I'm inheriting a real estate portfolio worth roughly $6M with my brother. It’s mostly "dead equity," and I’m trying to figure out how best to scale it.

    I'd like to make this my full-time focus. I haven't been involved in the business since I was a kid (painting, sweeping driveways, etc.), and I've spent the last 20+ years in tech. I'm planning to reconnect with some people my dad worked with and develop a more intentional strategy.

    I've been doing some early research (and yes, asking ChatGPT), but I wanted to get real-world perspectives here. The assets are in California, and I keep reading that moving capital into higher cap-rate / higher-growth markets may make sense.

    I know this is a broad question and I’m still learning, curious what others would do in this situation, or what mistakes to avoid.

    Best Way to Think About Scaling an Inherited Real Estate Portfolio?
    byu/Apprehensive_Rub3897 inrealestateinvesting



    Posted by Apprehensive_Rub3897

    9 Comments

    1. 1) is there any value add potential? Are they rentals and if so single or multi-family. Are the rents maximized?

      2) If no value add then consider selling and 1031 exchange.

      3) California has low property taxes due to sb9. did they get reset once they were transferred to you? If so consider selling. If you have low property taxes then you should not sell because maybe because it’s impossible to get another property in the state with that low of a tax basis.

      4) If in LA, SF are strongly consider selling due to very very harsh landlord laws. renting in those cities means you need to know what you are doing.

      Theres more but in general that is my thought process.

      5) You can technically take out a loan against properties instead of selling to buy more things.

    2. Strict_Bus_8130 on

      You need to improve your skillset first.

      Think about it this way. Real estate can be very passive (REITs, being an LP) or very active (being a GP, developer etc), or somewhere in between (having a few units and a property manager or self managing).

      Having “money” or “equity” doesn’t make someone skilled: inheritance, or could be a genius startup developer who then bought apartment buildings.
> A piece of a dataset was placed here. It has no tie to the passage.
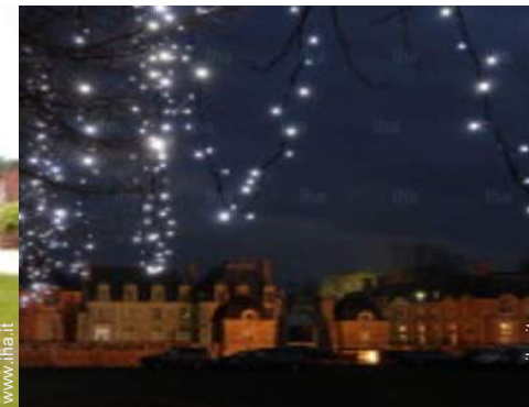
vista sul monumento
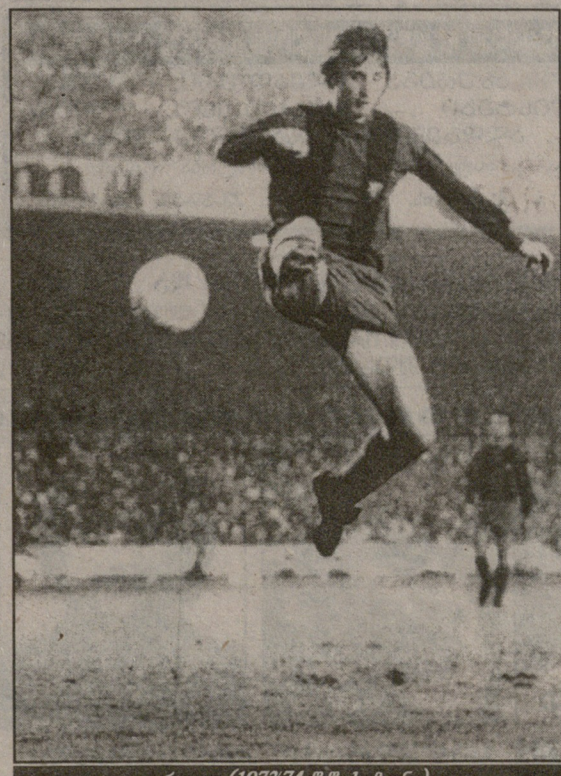
კრუფი (1973/74 წ.წ. სეზონი)

„ბარსელონა“ დაფუძნდა 1899 წლის 22 ოქტომბერს, როცა ბარსელონაში მცხოვრებმა შეედმა ბიზნესმენმა ჰანს გამპერმა განცხადება გამოაქვეყნებინა ჟურნალ „Los Deportes“-ში. აი ის ტექსტიც: „ჩვენს მეგობარსა და კოლეგას, ჩვენი გაზეთის ფეხბურთის განყოფილების წევრს, შევდეთის ყოფილ ჩემპიონ ჰანს გამპერს სურს მოაწყოს საფეხბურთო მატჩი ბარსელონაში. დაინტერესებულმა ფეხბურთელებმა უნდა მიმართონ მას“. სწორედ ეს განცხადება იყო პირველი ნაბიჯი იმ გზაზე, რითაც „ბარსელონა“ გახდა მსოფლიოს ერთ-ერთი საუკეთესო კლუბი არა მარტო სპორტული თვალსაზრისით, არამედ პოლიტიკური, სოციალური და ბიზნესის ასპექტებითაც. გამპერის შეტყობინებას მყისვე გამოეხმაურნენ ბარსელონაში მცხოვრები ინგლისელი, გერმანელი, შოტლანდიელი და რა

      Screwing up is expensive. Don’t screw up.

      First you do nothing for a few months but read, read, read.

      What does scaling mean?

      $6M of paid off RE in CA should be $300K of NOI a year. You can easily keep growing portfolio without doing dumb shit or over-leveraging like someone with one $100K rental who can’t grow otherwise.

      Do you want a $12N portfolio at the end? A $500M portfolio?

      Why do you want?

      How involved do you want to be?

      Say you become a somewhat skilled RE operator and buy $3M of real estate in the next two years at a $1M discount. Is it worth the effort over working your job, or over doing nothing?

      Answer these questions – for yourself and the forum – before taking action.

    3. As a property owner myself, the first thing I would do is create a basic spreadsheet to accurately calculate your net yield on each of these properties, and net cash if you sold them – subtract state and county excise taxes, cap gains, realtor fees and closing costs.

      Then have an honest convo with your brother about the pros and cons of being joint landlords in California – do you even live near it? You may find that you can more easily grow your money in the passive stock market over time than dealing with tenants and maintenance. If you’re in tech you likely already know this. Now is your chance to fully take advantage of that free stepped up cost basis if you choose.

    4. PartyLiterature3607 on

      I don’t want to bash your dream and ambition, but 6M asset in one of the most tenant friendly state with probably most pro tenant for someone that had 0 real estate experience, this is rough

      You mentioned your dad, can you hire him as property manager while you learn the business ?

    5. Few_Whereas5206 on

      After 17 years as a landlord, I would sell everything and invest in mutual funds, e.g., S&P500 mutual funds. The landlord/tenant laws in California are terrible from what little I hear. Also, if you are inheriting from a deceased person, you get a step-up basis to the current market value. As such, you pay zero capital gains tax when you sell. I am making like 12% return on investment from my mutual funds. I would be lucky to make 6% with rental property. The rental property involves repairs, regular maintenance, property tax, rental license, and dealing with tenant complaints and tenant vacancy. The mutual funds are zero work and liquid assets. If you rent more than 3 years you will lose the capital gains tax exemption.

    6. Sell. As a LL in CA, i must tell you that state and local laws are heavily in favor of renters . LL have few rights.

      Buy index funds for a greater return and less stress

    7. Based on your post and other responses, you’re putting the cart before the horse. Stop worrying about “scaling” and focus on understanding what you have. You’ve been given a windfall, don’t squander it because you feel like you’re smart after reading things online.

    8. Cold_Specialist_3656 on

      The easiest way to squander an inheritance is using it to “invest” in an industry you have no experience in.